Table 1 indicates the elution times for 25 glucosinolates to the best of our knowledge and one unknown compound based on data obtained for over 20 species (pure standards were available for glucosinolates shown in bold).

Apart from sinigrin, pure standards were both difficult to attain and expensive, and consequently the level of individual glucosinolates was usually expressed as μmol sinigrin-equivalent per gram. In order to determine the actual concentration of an individual glucosinolate, equimolar concentration of available standards were compared and conversion factors calculated (Table 2).

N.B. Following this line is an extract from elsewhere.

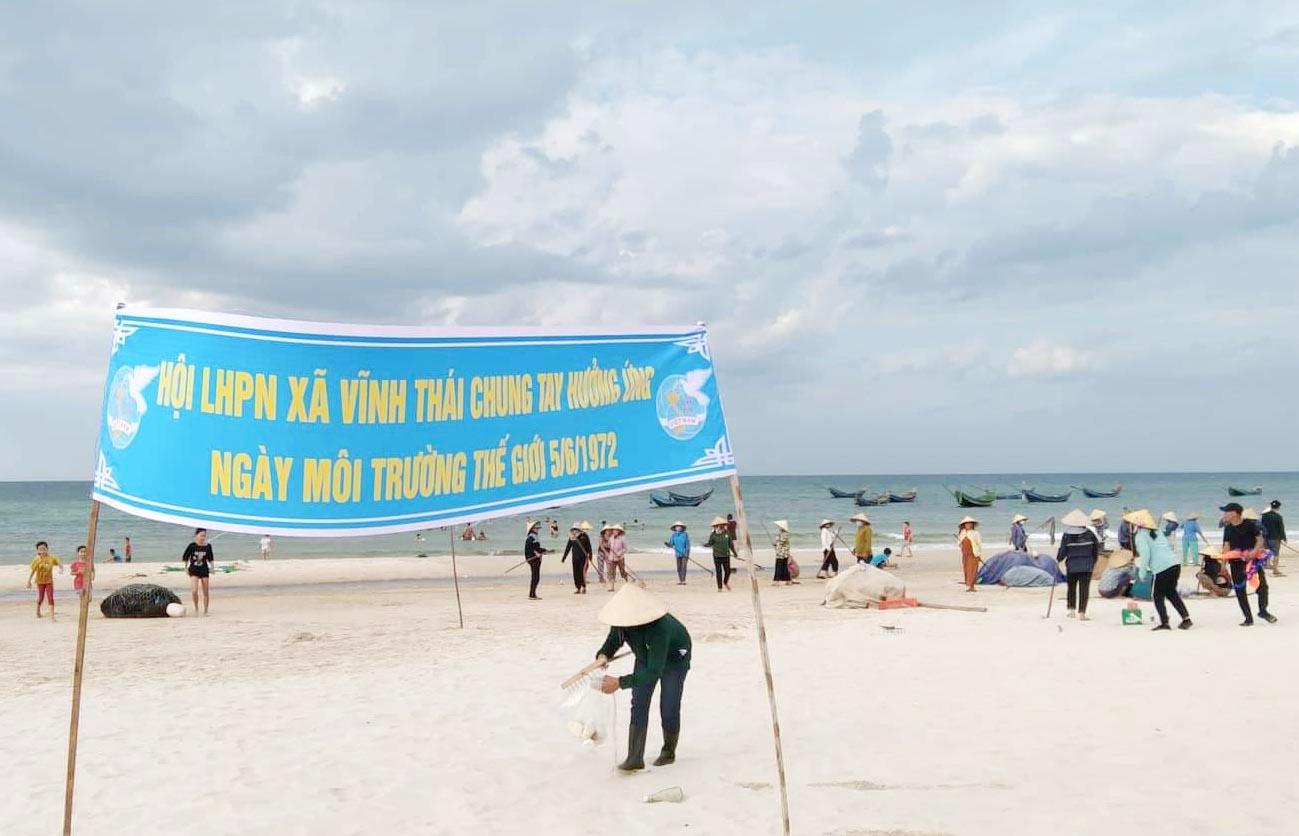 Sau lễ ra quân, Hội LHPN xã Vĩnh Thái hướng dẫn các chi hội chia làm các tổ, nhóm đồng loạt tiến hành vệ sinh môi trường tại các tuyến đường, khu dân cư; phát quang bụi rậm, xử lý điểm tồn động rác thải, nước dễ phát sinh vi khuẩn gây ra các bệnh thường gặp vào mùa hè; chăm sóc những tuyến đường hoa, cây xanh. Hội còn tập trung thu gom rác thải dọc bãi biển nơi có lượng khách du lịch về nghỉ dưỡng đông thuộc địa phận các thôn Đông Luật, Thái Lai, Tân Hòa…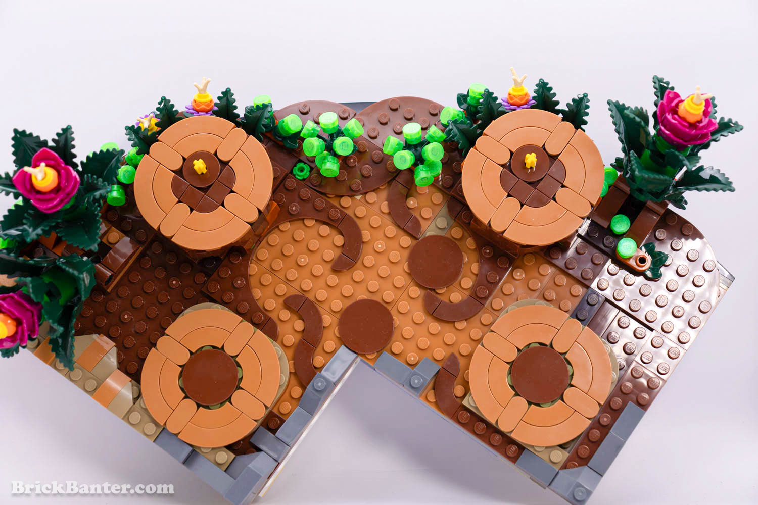The base for LEGO Pokémon Venusaur has us place them slightly elevated logs, locked down by the front legs. This gives a subtle angled pose to the model when it finally goes together, and yet hides detail underneath. There is fancy flora and tree root patterns that hide underneath that you’ll never see when fully on display.

Table 2. Conversion factors for conversion of glucosinolate concentration expressed as sinigrin equivalents into actual glucosinolate concentrations based on integrated absorbance areas for equimolar concentrations (250g/ml) of individual glucosinolate standards.

Glucosinolate	Peak Area	Conversion Factor
sinigrin	36073	1.00
glucoiberin	16571	2.18
progoitrin	22876	1.58
epiprogoitrin	17096	2.11
glucoraphanin	11065	3.26
glucoraphenin	11219	3.22
gluconapin	21956	1.64
glucosinalbin	42539	0.85
glucocheirolin	19831	1.82
glucotropeolin	42092	0.86
glucoerucin	23702	1.52
gluconasturtiin	20625	1.75

Optimisation of glucosinolate extraction method

Boiling-water versus Triple-solvent method

The literature commonly cites two methods of glucosinolate extraction from plant material: triple solvent method and boiling water. The triple solvent method involves homogenising plant material in a mixture of equal volumes of dimethylsulphoxide, dimethylformamide and acetonitrile at about minus 50°C. Both methods have been described as yielding essentially identical chromatograms (West et al., 2002). In the current project, we used the boiling water method for extraction of glucosinolates.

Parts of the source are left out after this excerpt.